Ocean re-release (2015–2017) 
The band re-released Ocean under their new name in October 2016 on Peacefrog, a British indie label. Parekh & Singh then re-released the single "I Love You Baby, I Love You Doll." Its music video, which was shot on a US$5000 (INR₹322324) budget, features an aesthetic influenced by the American film director Wes Anderson. It has since garnered over 2,000,000 views on YouTube, considered to be a significant feat for an Indian indie band.

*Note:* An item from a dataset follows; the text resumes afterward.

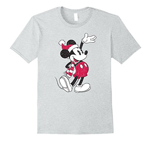 Mens Disney Mickey Mouse Christmas Greeting T Shirt Small Heather Grey

Two more singles were released from the album: "Philosophize" in November 2016, and "Ghost" in May 2017.

Science City (2018–present) 

Parekh & Singh finished touring in support of Ocean in February 2018. A month later, the band posted to Facebook to state that new music was imminent. In November 2018, after several teasers via social media, the band released a new single entitled "Summer Skin." The song was premiered on VICE India, and was later selected as one of Rolling Stone India'''s favourite songs of the year. A music video for the song was released in January 2019, which has since accumulated over 100,000 views.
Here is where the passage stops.